| BRIEF |
Since the copy must match the original, write out each record word for word, skipping only the pictures.
(RECORDS PROVIDED begins)
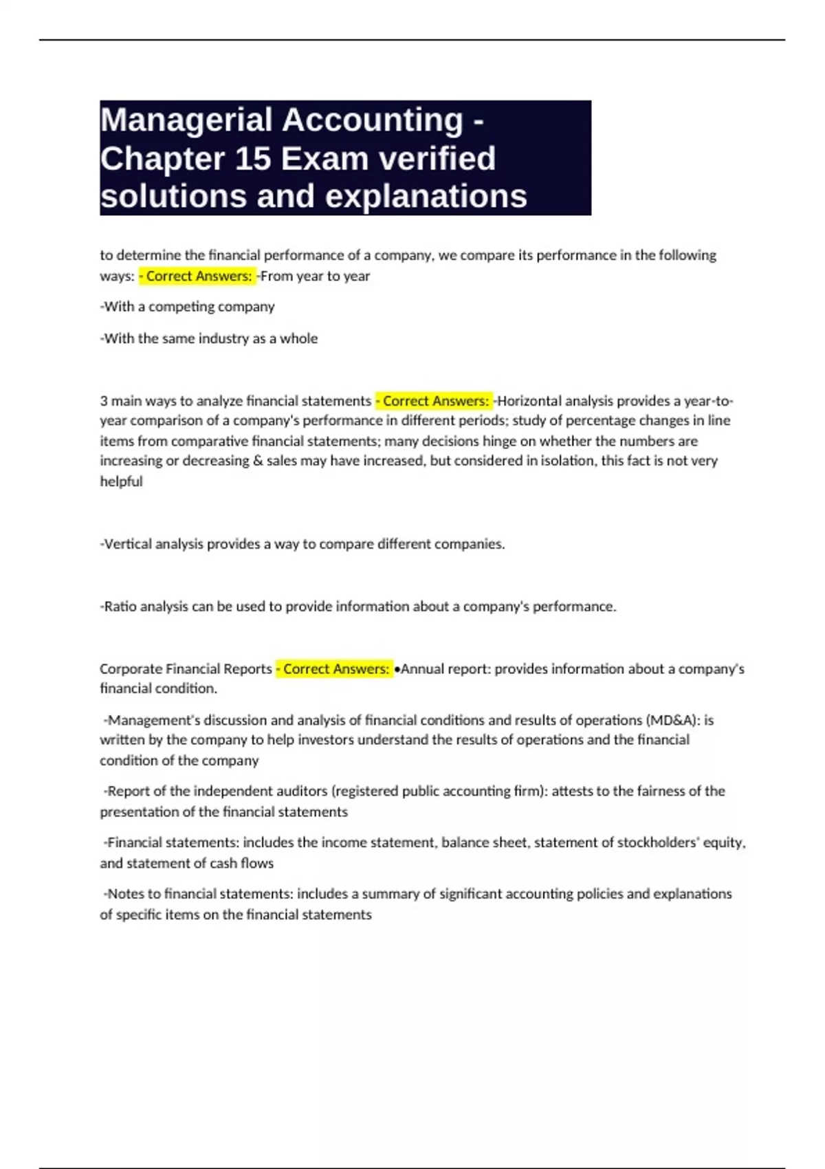 Corporate Financial Reports - Correct Answers: •Annual report: provides information about a company's
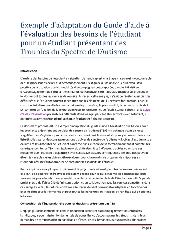 Exemple d'adaptation pour un étudiant TSA du Guide d'aide à l'évaluation des besoins
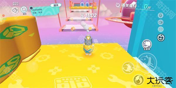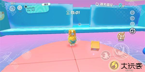 紧接着就到了本关卡的重头戏:通往迷宫的困难道路。稍有基础的新手玩家也许会利用跳跃加飞扑的动作,但令人惊讶的是这个方法在此障碍面前无法使用!仿佛一拳打在了棉花上的无助。不过,细心的玩家会发现跳出的垫脚石工具。敲黑板啦~垫脚石的正确用法!玩家拿起垫脚石,先按跳跃键,当蛋仔跳出一段距离,玩家要快速按垫脚石按键,这时最重要的是操作连贯,不能乱了手脚哦!
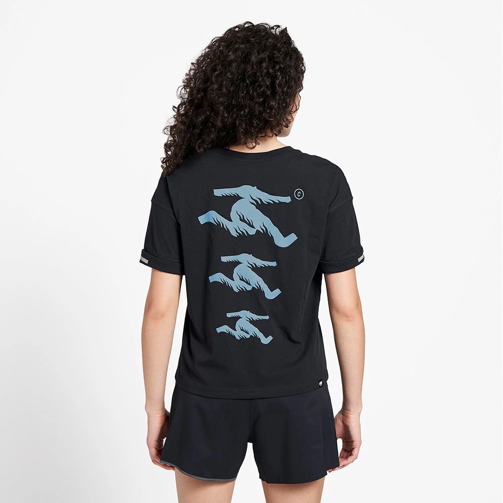 a women’s specific boxy fit for flow on every run. the comfort and cooling effect of GRS recycled cotton, in combination with GRS recycled polyester to bring you a moisture wicking, quick drying run ready t-shirt.
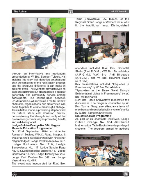 presentation by W. Bro. Sameer Tulpule. His (A.R.G.M.), and W. Bro. Ravindra Tiwari
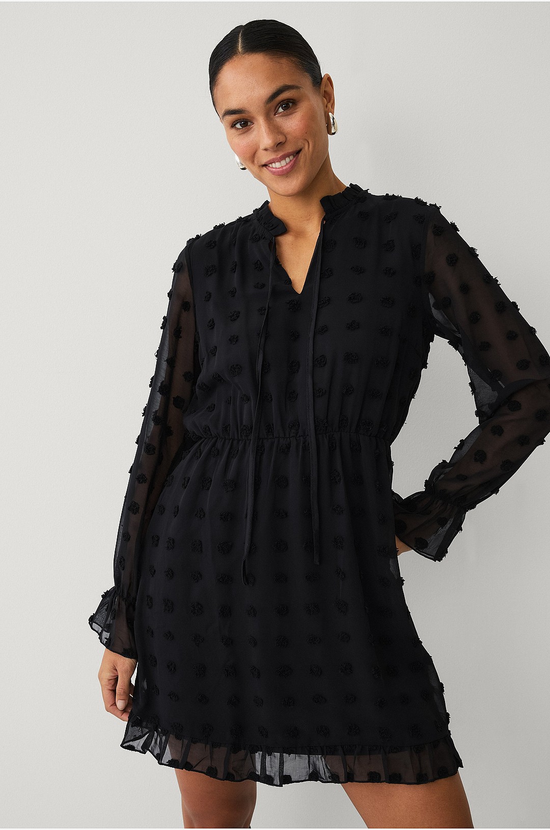Vila - Klänning viLiva L/S Tie Neck Short - Svart
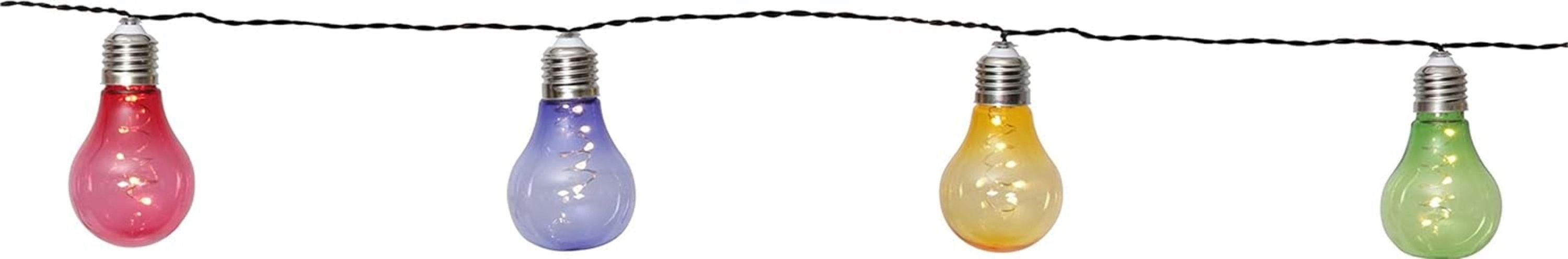 Unsere LED Lichterkette ,Glow' mit insgesamt 10 bunten Glühbirnen und Dämmerungssensor ist die ideale Wahl, um deinen Outdoor-Bereich dekorativ zu beleuchten. Die Glühbirnen mit ihrer klassischen Form bringen lebendigen Retro-Charme in deinen Garten, auf den Balkon oder die Terrasse und schaffen durch ihr mehrfarbiges Licht eine fröhliche Atmosphäre, die zum feiern einlädt.
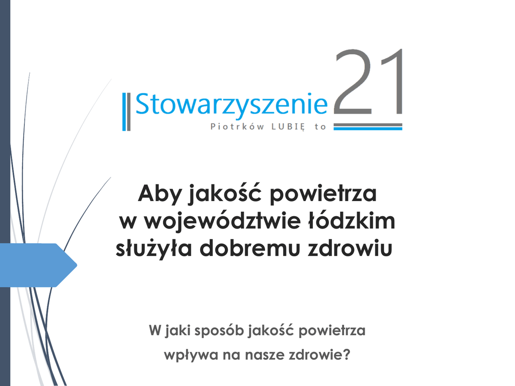 Aby jakość powietrza w województwie łódzkim służyła dobremu zdrowiu W jaki sposób jakość powietrza wpływa na nasze zdrowie? Oddychając zanieczyszczonym powietrzem chorujemy ! Polska jest krajem o największym zanieczyszczeniu powietrza w całej Unii Europejskiej Z tego powodu każdego roku, przedwcześnie umiera 43 000 około mieszkańców Polski (jest to co dziewiąty zgon) Dla porównania: każdego roku w wypadkach drogowych w Polsce ginie 3.300 osób Wachlarz chorób do jakich przyczynia się zanieczyszczenie powietrza jest wyjątkowo szeroki: • układ oddechowy: astma, rak płuca, przewlekła obturacyjna choroba płuc, częste infekcje dróg oddechowych; • układ krwionośny: zawał serca, nadciśnienie tętnicze, choroba niedokrwienna serca, zaburzenia rytmu serca, niewydolność serca • układ nerwowy: problemy z pamięcią i koncentracją, wyższy poziom niepokoju, stany depresyjne, zmiany anatomiczne w mózgu, choroba Alzhaimera, przyspieszone starzenie układu nerwowego, udar mózgu; • układ rozrodczy: bezpłodność, przedwczesny poród, obumarcie płodu Niestety zanieczyszczone powietrze ma również negatywny wpływ na płód Prowadzone w Krakowie badania - przez prof. Wiesława Jędrychowskiego - dowodzą, że kobiety, które podczas ciąży oddychały powietrzem o wysokim stężeniu benzo[a]pirenu rodzą dzieci o niższym wzroście, z mniejszą wagą urodzeniową, o mniejszym obwodzie głowy i niższym ilorazie inteligencji. Dzieci te są również mniej odporne na infekcje w późniejszym wieku Co robić podczas wysokich stężeń zanieczyszczeń? Na przykład w Krakowie dzieci nie wychodzą z budynku przedszkola, dorośli mieszkańcy coraz częściej zakładają maski przeciwpyłowe, nie uprawiają sportu na „powietrzu”, nie wietrzą mieszkań. Coraz częściej instalowane są instalacje przeciwpyłowe Warto się poważnie zastanowić nad konsekwencjami oddychania zanieczyszczonym powietrzem i postarać się o ograniczenie emisji zanieczyszczeń. Zacznijmy od siebie ! Dziękujemy za uwagę „Aby jakość powietrza w województwie łódzkim służyła dobremu zdrowiu” Projekt „Aby jakość powietrza w województwie łódzkim służyła dobremu zdrowiu” jest realizowany przez Stowarzyszenie „21” w ramach konkursu pn. „EDUKACJA EKOLOGICZNA MIESZKAŃCÓW WOJEWÓDZTWA ŁÓDZKIEGO – EDYCJA 2016” (obszar priorytetowy: edukacja ekologiczna obejmująca problematykę zanieczyszczeń powietrza oraz ich szkodliwego oddziaływania na zdrowie ludzi). Projekt ma na celu pokazanie zalet pozyskiwania energii ze źródeł odnawialnych oraz zaprezentowanie tego w jaki sposób wytwarzanie energii elektrycznej, w różny sposób, ma wpływ na zanieczyszczenie powietrza. Więcej o projekcie pod adresem: www.stowarzyszenie21.pl <<Projekty realizowane>> Wartość ogólna zadania: 14 650,00 PLN www.stowarzyszenie21.pl Dofinansowanie z WFOŚiGW w Łodzi: Dotacja w kwocie 10 100,00 PLN www.zainwestujwekologie.pl Projekt dofinansowany jest przez Wojewódzki Fundusz Ochrony Środowiska i Gospodarki Wodnej w Łodzi z siedzibą przy ul. Dubois 118, w Łodzi (93-465).
(RECORDS PROVIDED ends)
| EXERCISE RESPONSE |
 Corporate Financial Reports - Correct Answers: •Annual report: provides information about a company's
 Exemple d'adaptation pour un étudiant TSA du Guide d'aide à l'évaluation des besoins
 紧接着就到了本关卡的重头戏:通往迷宫的困难道路。稍有基础的新手玩家也许会利用跳跃加飞扑的动作,但令人惊讶的是这个方法在此障碍面前无法使用!仿佛一拳打在了棉花上的无助。不过,细心的玩家会发现跳出的垫脚石工具。敲黑板啦~垫脚石的正确用法!玩家拿起垫脚石,先按跳跃键,当蛋仔跳出一段距离,玩家要快速按垫脚石按键,这时最重要的是操作连贯,不能乱了手脚哦!
 a women’s specific boxy fit for flow on every run. the comfort and cooling effect of GRS recycled cotton, in combination with GRS recycled polyester to bring you a moisture wicking, quick drying run ready t-shirt.
 presentation by W. Bro. Sameer Tulpule. His (A.R.G.M.), and W. Bro. Ravindra Tiwari
Vila - Klänning viLiva L/S Tie Neck Short - Svart
 Unsere LED Lichterkette ,Glow' mit insgesamt 10 bunten Glühbirnen und Dämmerungssensor ist die ideale Wahl, um deinen Outdoor-Bereich dekorativ zu beleuchten. Die Glühbirnen mit ihrer klassischen Form bringen lebendigen Retro-Charme in deinen Garten, auf den Balkon oder die Terrasse und schaffen durch ihr mehrfarbiges Licht eine fröhliche Atmosphäre, die zum feiern einlädt.
 Aby jakość powietrza w województwie łódzkim służyła dobremu zdrowiu W jaki sposób jakość powietrza wpływa na nasze zdrowie? Oddychając zanieczyszczonym powietrzem chorujemy ! Polska jest krajem o największym zanieczyszczeniu powietrza w całej Unii Europejskiej Z tego powodu każdego roku, przedwcześnie umiera 43 000 około mieszkańców Polski (jest to co dziewiąty zgon) Dla porównania: każdego roku w wypadkach drogowych w Polsce ginie 3.300 osób Wachlarz chorób do jakich przyczynia się zanieczyszczenie powietrza jest wyjątkowo szeroki: • układ oddechowy: astma, rak płuca, przewlekła obturacyjna choroba płuc, częste infekcje dróg oddechowych; • układ krwionośny: zawał serca, nadciśnienie tętnicze, choroba niedokrwienna serca, zaburzenia rytmu serca, niewydolność serca • układ nerwowy: problemy z pamięcią i koncentracją, wyższy poziom niepokoju, stany depresyjne, zmiany anatomiczne w mózgu, choroba Alzhaimera, przyspieszone starzenie układu nerwowego, udar mózgu; • układ rozrodczy: bezpłodność, przedwczesny poród, obumarcie płodu Niestety zanieczyszczone powietrze ma również negatywny wpływ na płód Prowadzone w Krakowie badania - przez prof. Wiesława Jędrychowskiego - dowodzą, że kobiety, które podczas ciąży oddychały powietrzem o wysokim stężeniu benzo[a]pirenu rodzą dzieci o niższym wzroście, z mniejszą wagą urodzeniową, o mniejszym obwodzie głowy i niższym ilorazie inteligencji. Dzieci te są również mniej odporne na infekcje w późniejszym wieku Co robić podczas wysokich stężeń zanieczyszczeń? Na przykład w Krakowie dzieci nie wychodzą z budynku przedszkola, dorośli mieszkańcy coraz częściej zakładają maski przeciwpyłowe, nie uprawiają sportu na „powietrzu”, nie wietrzą mieszkań. Coraz częściej instalowane są instalacje przeciwpyłowe Warto się poważnie zastanowić nad konsekwencjami oddychania zanieczyszczonym powietrzem i postarać się o ograniczenie emisji zanieczyszczeń. Zacznijmy od siebie ! Dziękujemy za uwagę „Aby jakość powietrza w województwie łódzkim służyła dobremu zdrowiu” Projekt „Aby jakość powietrza w województwie łódzkim służyła dobremu zdrowiu” jest realizowany przez Stowarzyszenie „21” w ramach konkursu pn. „EDUKACJA EKOLOGICZNA MIESZKAŃCÓW WOJEWÓDZTWA ŁÓDZKIEGO – EDYCJA 2016” (obszar priorytetowy: edukacja ekologiczna obejmująca problematykę zanieczyszczeń powietrza oraz ich szkodliwego oddziaływania na zdrowie ludzi). Projekt ma na celu pokazanie zalet pozyskiwania energii ze źródeł odnawialnych oraz zaprezentowanie tego w jaki sposób wytwarzanie energii elektrycznej, w różny sposób, ma wpływ na zanieczyszczenie powietrza. Więcej o projekcie pod adresem: www.stowarzyszenie21.pl <<Projekty realizowane>> Wartość ogólna zadania: 14 650,00 PLN www.stowarzyszenie21.pl Dofinansowanie z WFOŚiGW w Łodzi: Dotacja w kwocie 10 100,00 PLN www.zainwestujwekologie.pl Projekt dofinansowany jest przez Wojewódzki Fundusz Ochrony Środowiska i Gospodarki Wodnej w Łodzi z siedzibą przy ul. Dubois 118, w Łodzi (93-465).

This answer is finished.